September 17, 2012 marked the 225th anniversary of the adoption of the United States Constitution, the document which remains the law of the land in our republic. To commemorate the anniversary of this founding document, TIME magazine has released a book titled “The Constitution: The Essential User’s Guide” meant to help people today understand how it remains relevant to important issues facing our nation today.

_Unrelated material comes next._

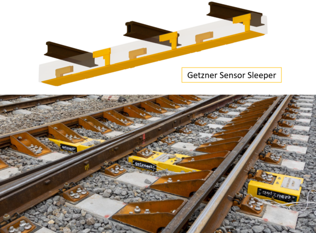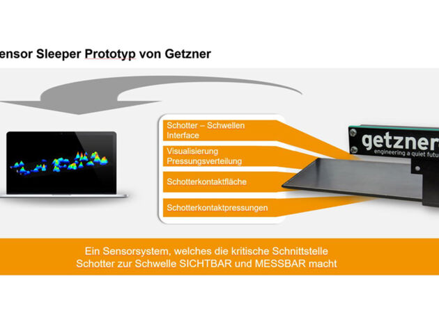Getzner hat die sogenannte „Sensorschwelle“ entwickelt, die es ermöglicht, ohne Eingriff in die Eigenschaften des Gleises Flächenpressungen direkt am Einsatzort der Schwellensohlen zwischen Schwelle und Schotter zu messen. Dabei handelt es sich um einen speziellen Drucksensor, der auf der Unterseite der Schwelle angebracht wird. Der Druck, den einzelne Schottersteine auf die Schwelle ausüben, kann über lange Zeit erfasst werden. Dies ermöglicht es, nicht nur die Eigenschaften der Schwellenbesohlung mit nie dagewesener Genauigkeit zu charakterisieren, sondern darüber hinaus die Lastabtragungseigenschaften der verschiedenen Komponenten des Gleises bei Zugüberfahrt zu analysieren. Die gewonnenen Erkenntnisse können zum Beispiel in der Auslegung von Besohlungen, Schwellen, Weichen und Übergangsbereichen Verwendung finden. Die Eigenschaft, dass die Sensorschwelle wie jede andere Schwelle gehoben, ausgerichtet und gestopft werden kann, macht die notwendige Datenqualität erst möglich. Natürlich funktioniert die neue, digitale Innovation nicht nur in Kombination mit Schwellensohlen sondern auch ohne.

For example, the book contains a detailed examination of the 14th Amendment, the so-called “Birthright Amendment” which guarantees U.S. citizenship to any person born in the United States. This amendment was written to reverse the 1857 Dred Scott decision of the U.S. Supreme Court, when it ruled that no slaves were citizens of the U.S. The amendment guaranteed citizenship to the former slaves retroactively. But now it’s at the heart of a great debate in our nation since it also means that a child born to illegal (or legal) immigrants are U.S. citizens at birth. Some U.S. Congressmen and Senators want to further amend the Constitution to prevent this from happening. The authors of this TIME book hope to help people today understand the history of the amendment and why or why not it should itself be amended.
The Constitution was at the center of the debate between North and South in the decades leading up to the outbreak of secession and the American Civil War. The Southern states of course wanted to perpetuate and spread slavery into new territories of the United States, while the North, including Abraham Lincoln wanted to contain it to where it already existed. Once Lincoln was elected in 1860, a total of 11 states felt that they could legally secede from the Union, while Lincoln held that they could not.

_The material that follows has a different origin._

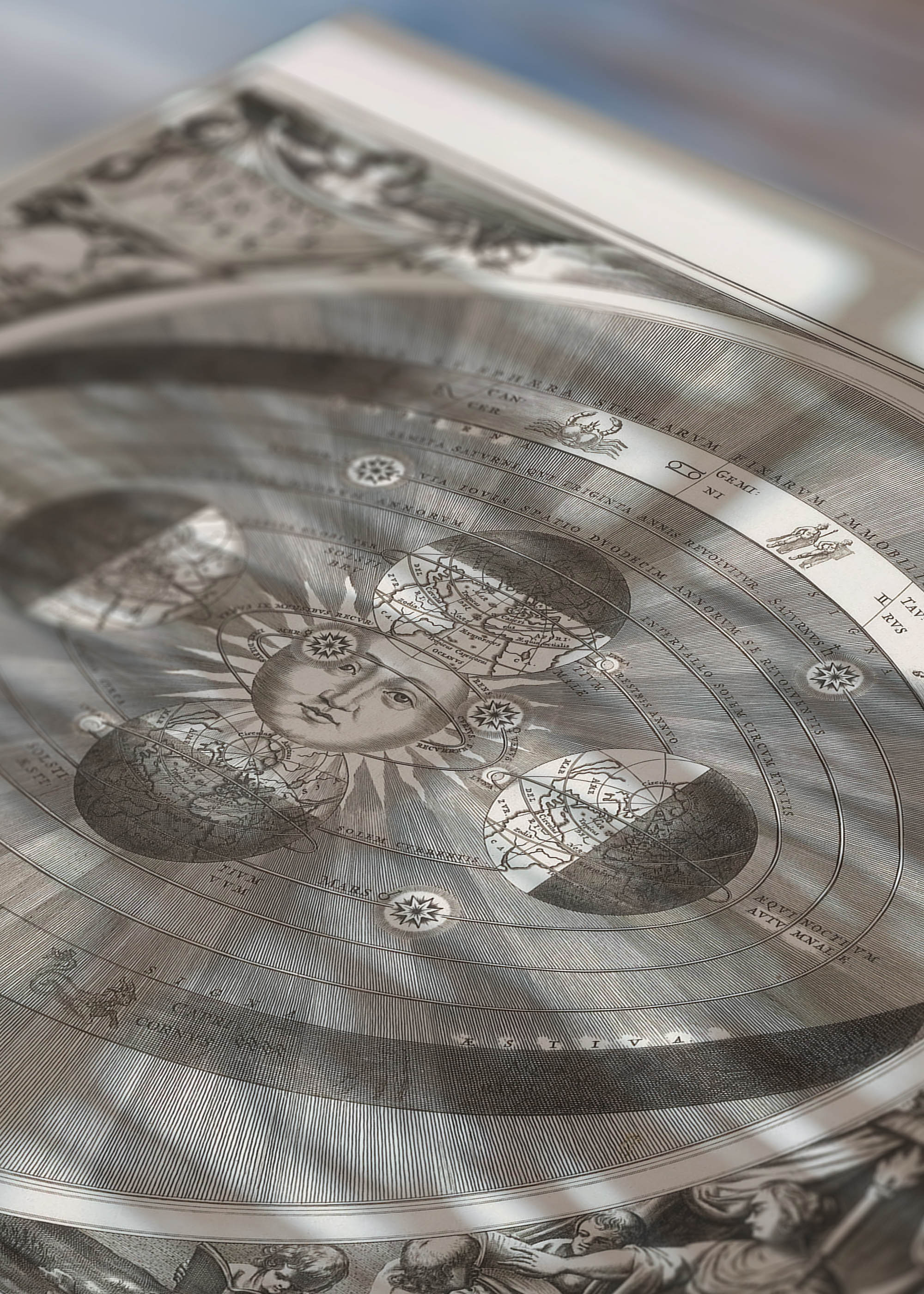 Plakat zachwyca wyrafinowaną paletą barw zbliżonych do sepii i kości słoniowej, z subtelnymi akcentami grafitowej szarości. Delikatne cieniowanie nadaje głębi koncentrycznym okręgom, podczas gdy mistrzowsko wyryte detale – od alegorycznych postaci w narożnikach po precyzyjne linie orbit – tworzą hipnotyzujący efekt wizualny. Całość utrzymana jest w tonacji monochromatycznej, typowej dla rycin miedziorytniczych epoki.

Many of the actions which Lincoln took during the Civil War were questioned on Constitutional grounds. For example, the clause which permits the suspension of the Writ of Habeas Corpus is not clear as to if Congress or the President holds the power to do so. During the war, Lincoln chose to interpret the Constitution as giving the President the authority, and he took it. Congress (made up of the Union states at this time, obviously) later granted him the authority to do so, and the Supreme Court upheld the Habeas Corpus Act decades later during WWI.
Many important Constitutional issues affect our nation even today. Issues such as abortion, same-sex marriage, the Affordable Care Act (“Obamacare”), and numerous others are constantly in the news. TIME’s “The Constitution: The Essential User’s Guide” is available to help us all understand better this venerable document on its 225th anniversary. With a forward by retired Supreme Court justice Sandra Day O’Connor, the first woman ever to serve on the court, this book is an outstanding resource for those who wish to examine the Constitution as it relates to modern America.